:: Task statement ::
Nothing but the lines below from the one with "2022年8月26日,在山东" through the one with "In Learn Math" should be output, each exactly as given, and no pictures.

Data items:

+++

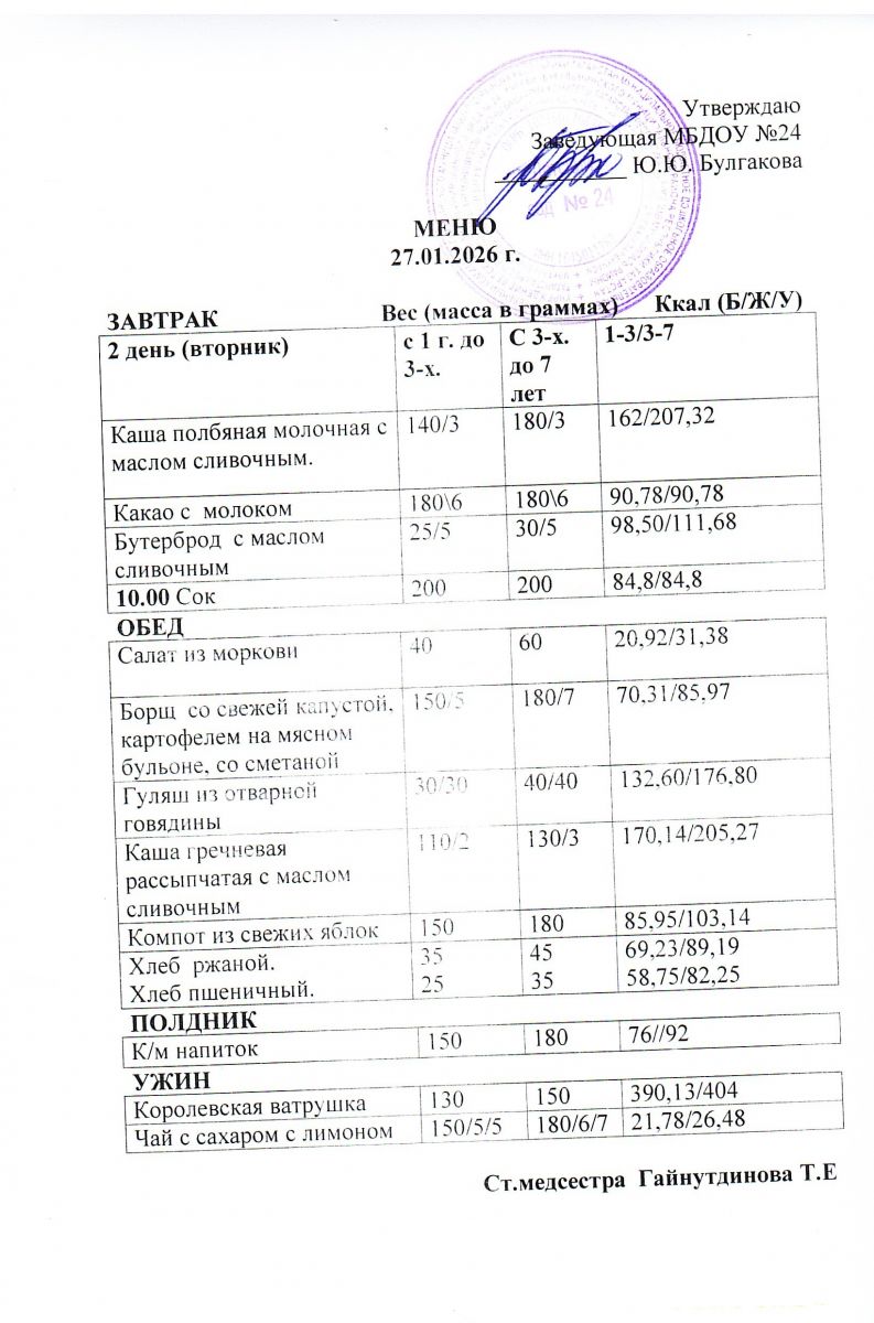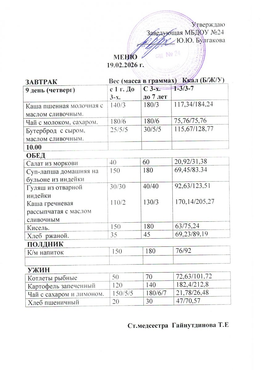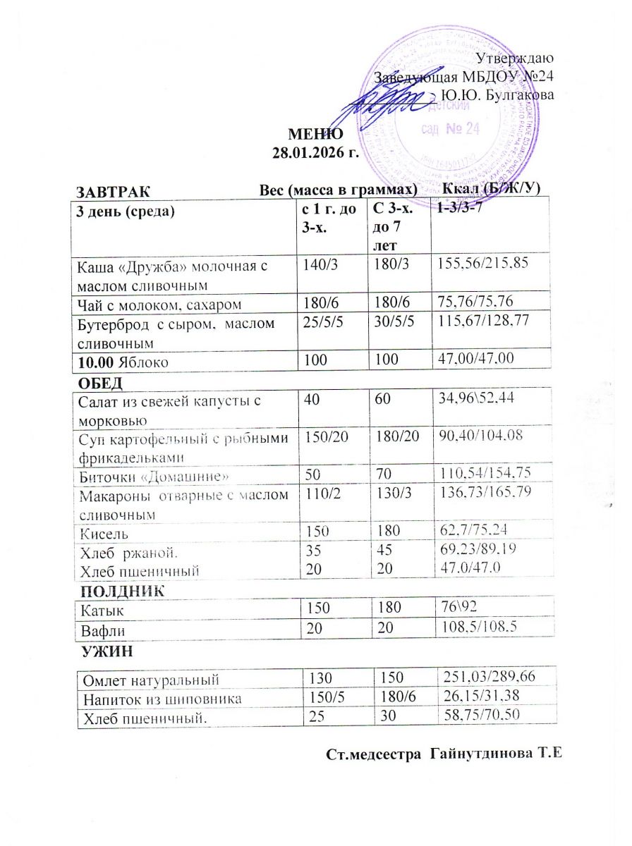 Питание осуществляется в соответствии с меню, утверждённым Заведующей Учреждением и старшей медицинской сестрой. Режим и кратность питания воспитанников и обучающихся устанавливаются в соответствии с деятельностью их пребывания в Учреждении и рекомендациями органов здравоохранения.
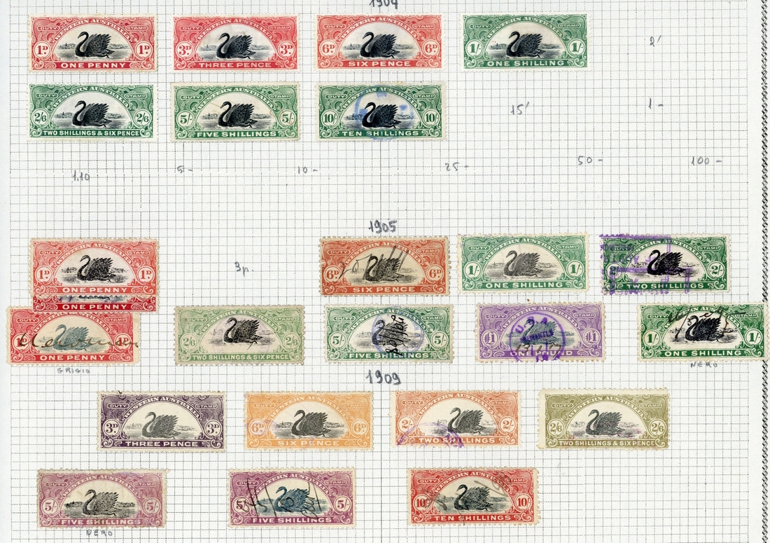 A selection (40) from various sets/printings with bi-coloured selection to 30/- black and brown (2, both unused) and mono-coloured 1d. (4)
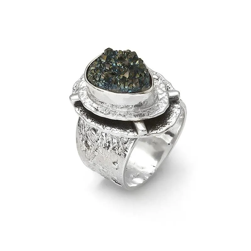 Pierścionek ozdobiony kwarcem tytanowym świetnie komponuje się ze stylem boho albo codziennymi stylizacjami, jeśli lubisz przełamywać je odrobiną ekstrawagancji. Wyrazista biżuteria oryginalnie podkreśli Twoją dłoń i przykuje spojrzenia za sprawą eleganckiej i intensywnej kolorystyki wyrażonej w kobiecy i subtelny sposób. Ponadto srebro najwyższej próby 925 gwarantuje trwałość pierścionka przez długie lata.
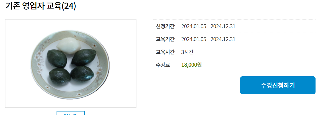 한국 떡류식품가공협회 온라인 위생교육 (https://www.ekfdd.or.kr)
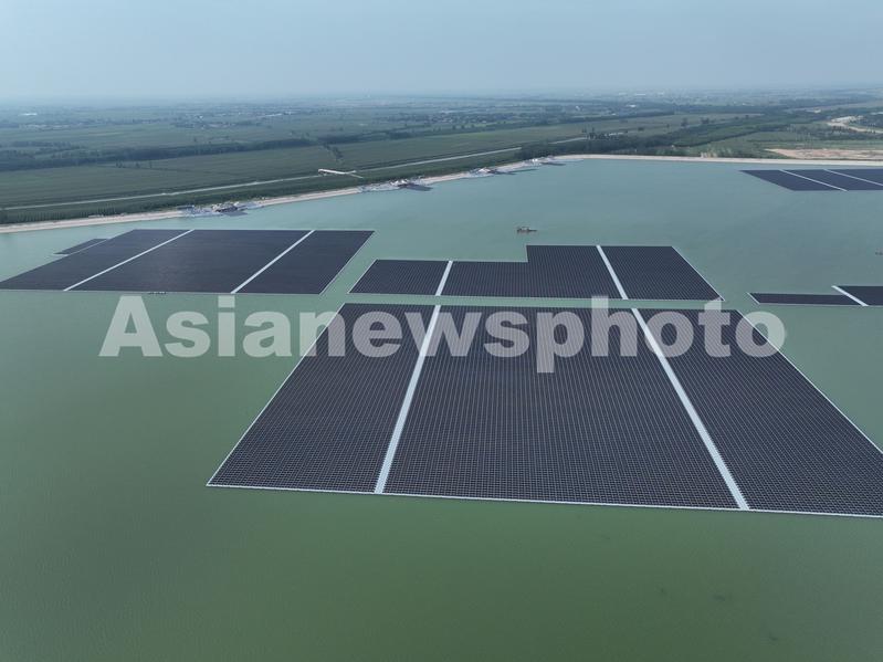2022年8月26日,在山东省聊城市东昌府区堂邑镇国家能源集团山东电力有限公司聊城发电运营分公司循环水水库光伏发电项目建设现场,蓝色光伏板沿水面整齐铺设,在日光下熠熠生辉,蔚为壮观。
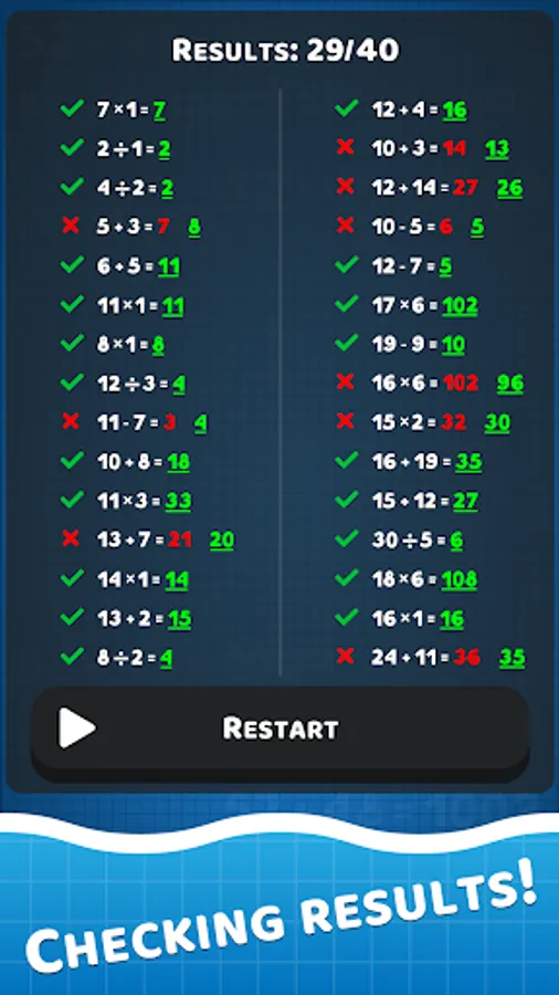 In Learn Math mode you are not limited with time and after session you can check your results in a table.
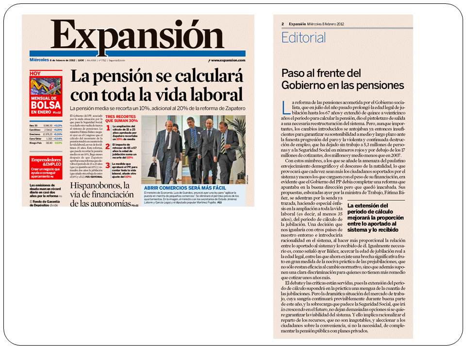 La otra noticia es que el gobierno volverá a reformar las pensiones antes de lo que pensábamos, si recordais el año pasado, en agosto, se publicó la última reforma, donde se aprobó un recorte de las pensiones públicas futuras  de un 30% de media, pues bien, próximamente este recorte aumentará en otro 10% de media, porque ahora se pretende aprobar que el cálculo de la pensión se realice con las cotizaciones de toda la vida laboral. Os aconsejo leer con interés el editorial de «Expansión» del pasado miércoles 8 de febrero, explica muy claramente el problema de las pensiones públicas.

+++

:: Response below ::
2022年8月26日,在山东省聊城市东昌府区堂邑镇国家能源集团山东电力有限公司聊城发电运营分公司循环水水库光伏发电项目建设现场,蓝色光伏板沿水面整齐铺设,在日光下熠熠生辉,蔚为壮观。
 In Learn Math mode you are not limited with time and after session you can check your results in a table.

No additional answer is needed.